Load data from CSV file.

In [None]:
data = pd.read_csv('https://raw.githubusercontent.com/olivermueller/ds4b-2024/refs/heads/main/Session_06/ameshousing.csv')

In [None]:
data.head()

## Prepare data

Let us focus on the numerical variables only.   

In [None]:
col_num = data.select_dtypes(include=[np.number])
data = data[col_num.columns]

In [None]:
data.head()

Finally, we will split the data into features (*X*) and labels (*y*) and into training (*X_train, y_train*) and test (*X_test, y_test*) sets.

In [None]:
X = data.drop("SalePrice", axis=1)
y = data["SalePrice"]
X_train, X_test, y_train, y_test = train_test_split(X, y, test_size=0.2, random_state=42)

In [None]:
X_train.head()

In [None]:
X_train.columns

## Fit a Linear Regression as the Baseline

To assess the performance of the GAM, we first fit a simple baseline model. Specifically, a linear regression model with two predictors.

In [None]:
mod_01 = smf.ols(formula='SalePrice ~ LotArea + GrLivArea', data=pd.concat([X_train, y_train], axis=1))
mod_01 = mod_01.fit()
print(mod_01.summary())

Make predictions and caclulate the RMSE.

In [None]:
y_pred = mod_01.predict(X_test)
root_mean_squared_error(y_test, y_pred)

## Fit a GAM

The following code illustrates how to fit a GAM with two smoothing spline with a 2nd derivative smoothness constraint and two cubic terms.

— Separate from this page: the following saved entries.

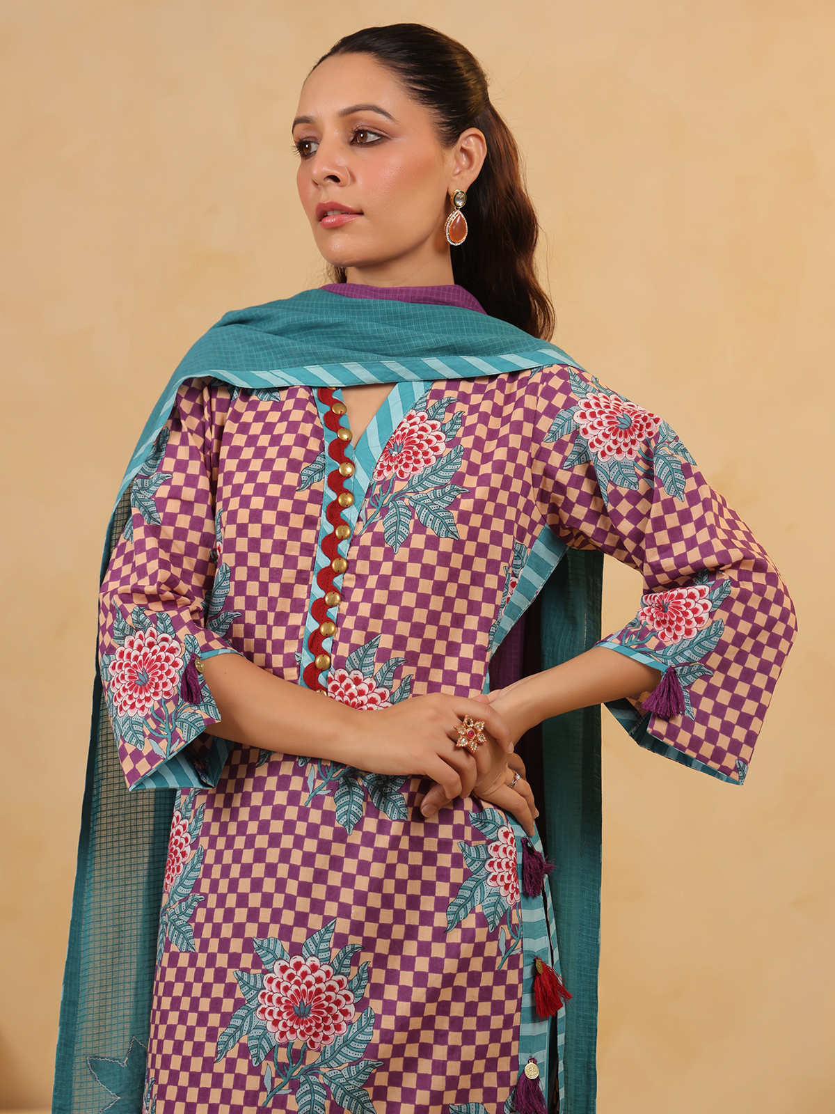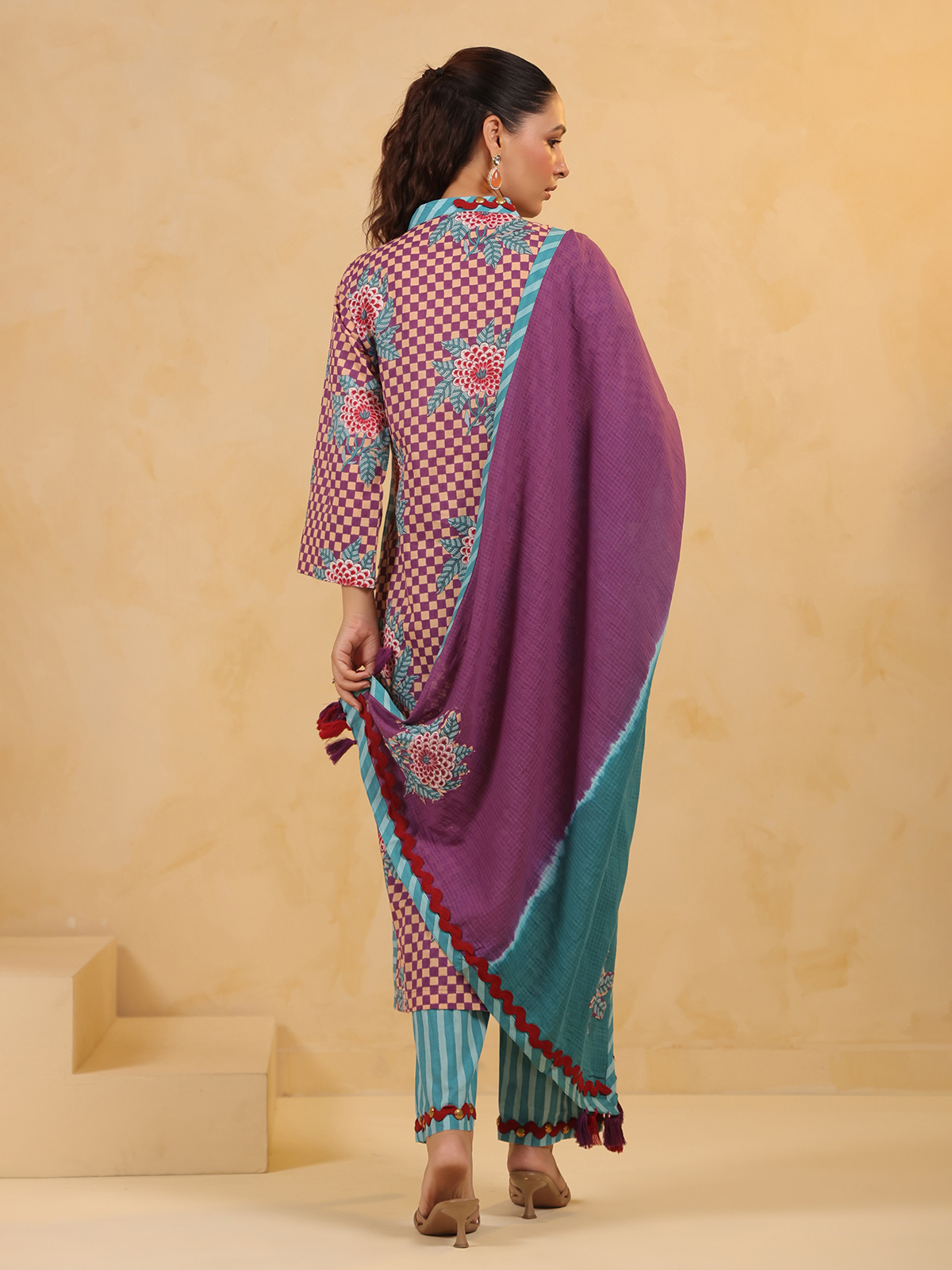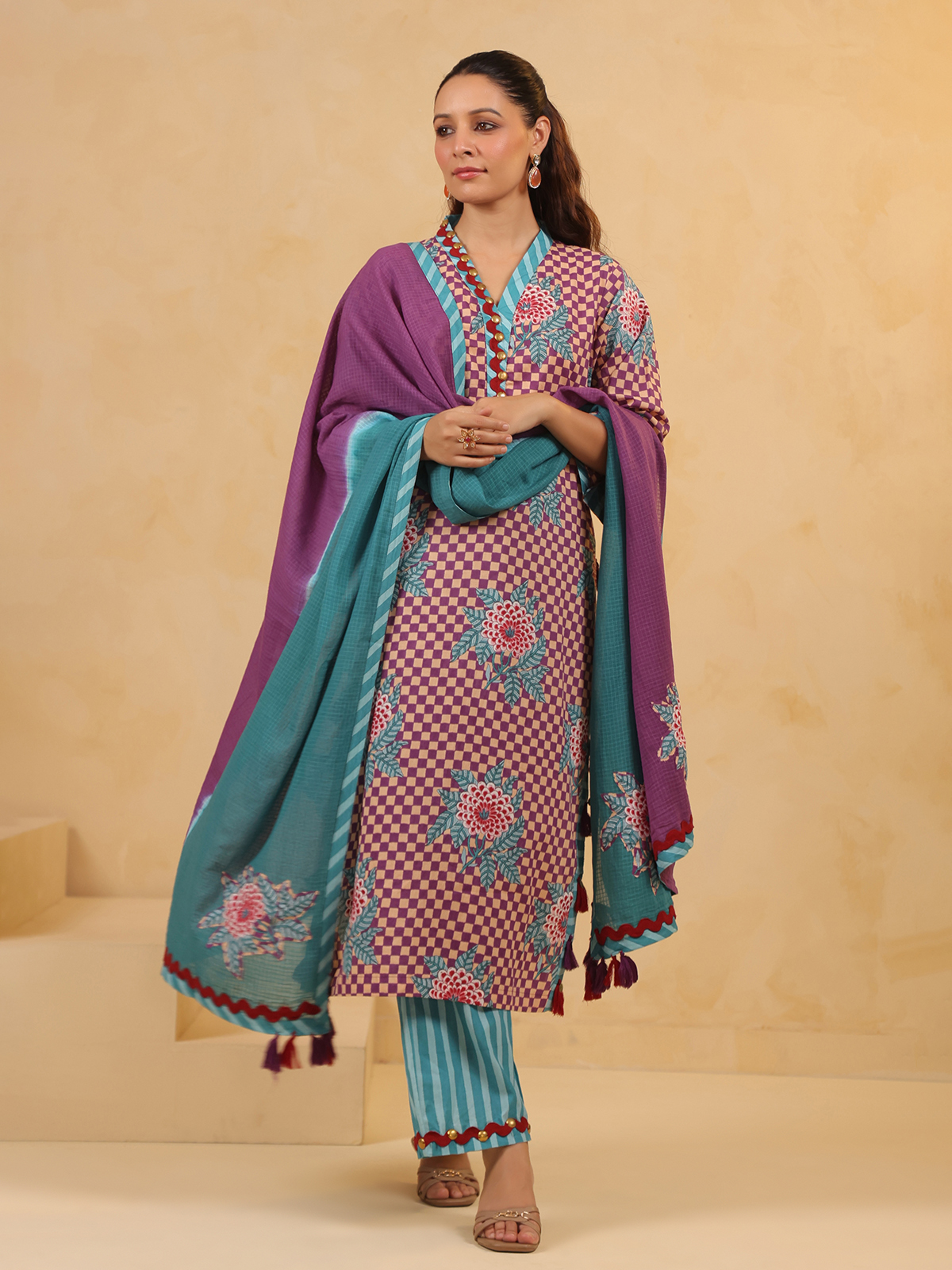 Celebrate vibrant tradition in this purple silk kurti set, printed and embellished with coins and sequins. Styled with a V-neckline, quarter sleeves, coordinating pants, and a dupatta, this outfit brings rich color and radiant detail to your festive wardrobe.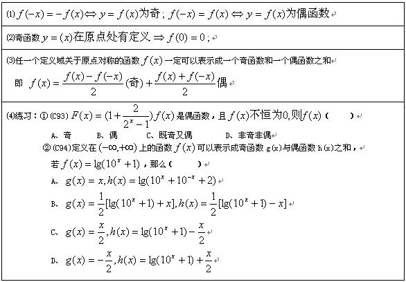 2014年成人高考高起點數(shù)學(xué)(文)公式復(fù)習(xí):函數(shù)的奇偶性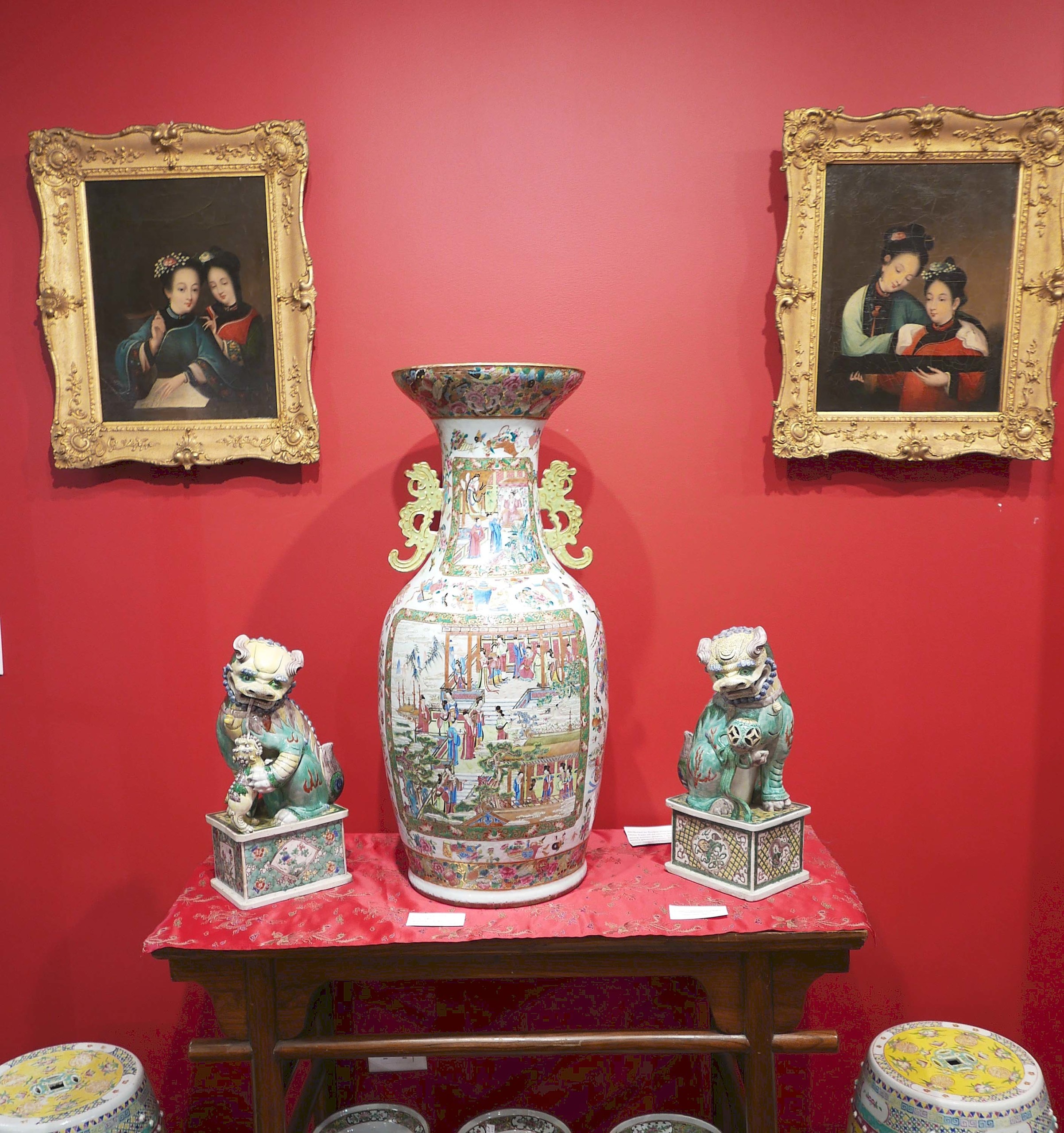 Mostafa Hassan of Imperial Oriental Art chose this curated display as some of his best pieces: a pair of oil on canvas portraits, each of two young women, Retainging period, attributed to Youqua (Chinese, active 1804-1870); a pair of brightly glazed Buddhist lions from the Kangzi Period (1662-1722); and a “massive” famille-rose Canton enamel vase with dragon handles from the early Nineteenth Century.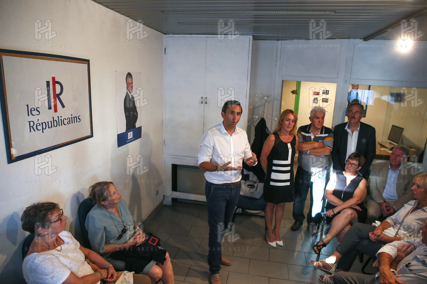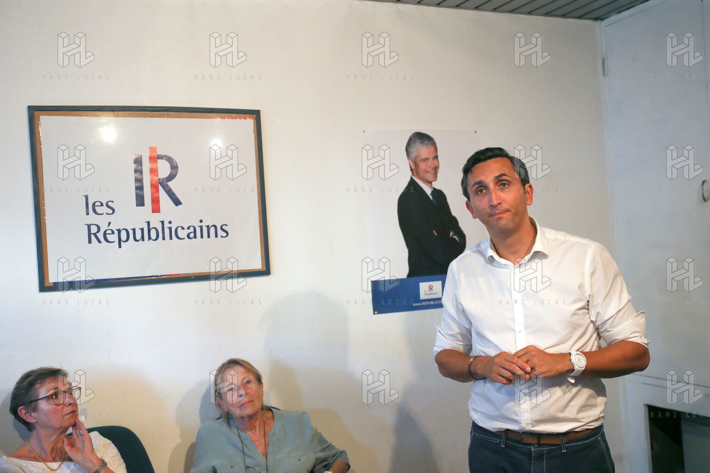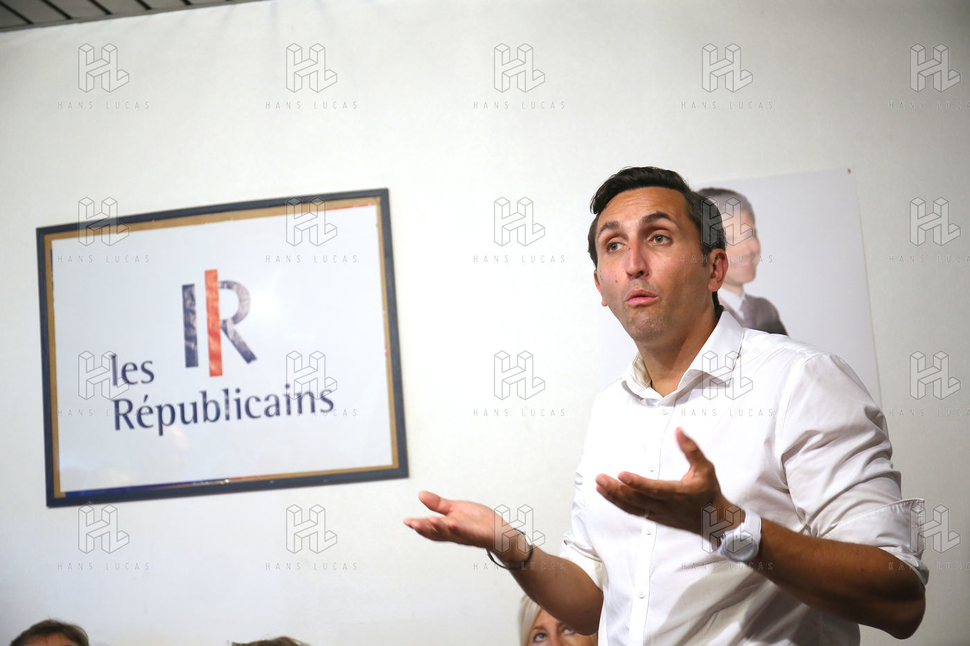 Le député du Vaucluse Julien Aubert organie une réunion publique avec des militants Les Républicains de la Drôme dans le cadre de sa candidature à la présidence du parti.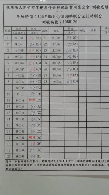 » 106年5月3日測驗成績公佈表
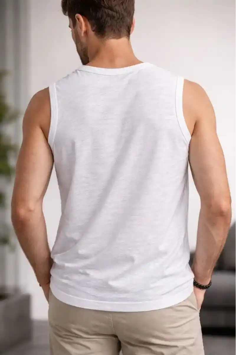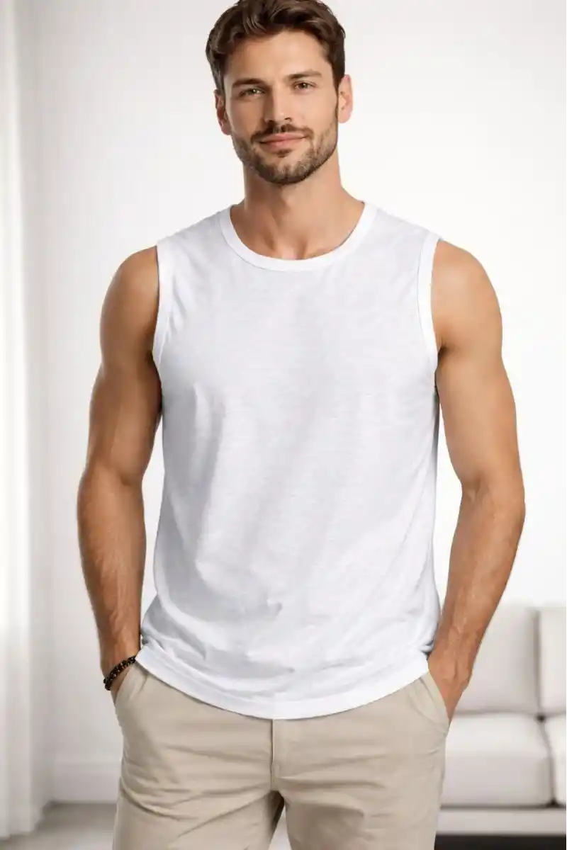 Erkek Flamlı Kumaş Sıfır Kolsuz Atlet Basic Spor Üst, Günlük ve Fitness Kullanımına Uygun - Beyaz

Unfortunateley, the API is not very user friendly. The features have to be specified by using their column index (e.g., s(0, spline_order=3) refers to the first column of the feature matrix (LotArea)).

In [None]:
gam_mod = LinearGAM(s(2, spline_order=3) + s(15, spline_order=3))
gam_mod.fit(X_train, y_train)

Let's have a look at the model. Due to the non-linearity, the model is not easy to interpret. But we can extract some useful statistics about model fit from the summary (e.g., R^2, GCV error).

In [None]:
gam_mod.summary()

Calculate RMSE from GCSV error.

In [None]:
np.sqrt(gam_mod.statistics_['GCV'])

We can see that the model fit on both training data (R2) and test data (RMSE) is better than with the linear regression model.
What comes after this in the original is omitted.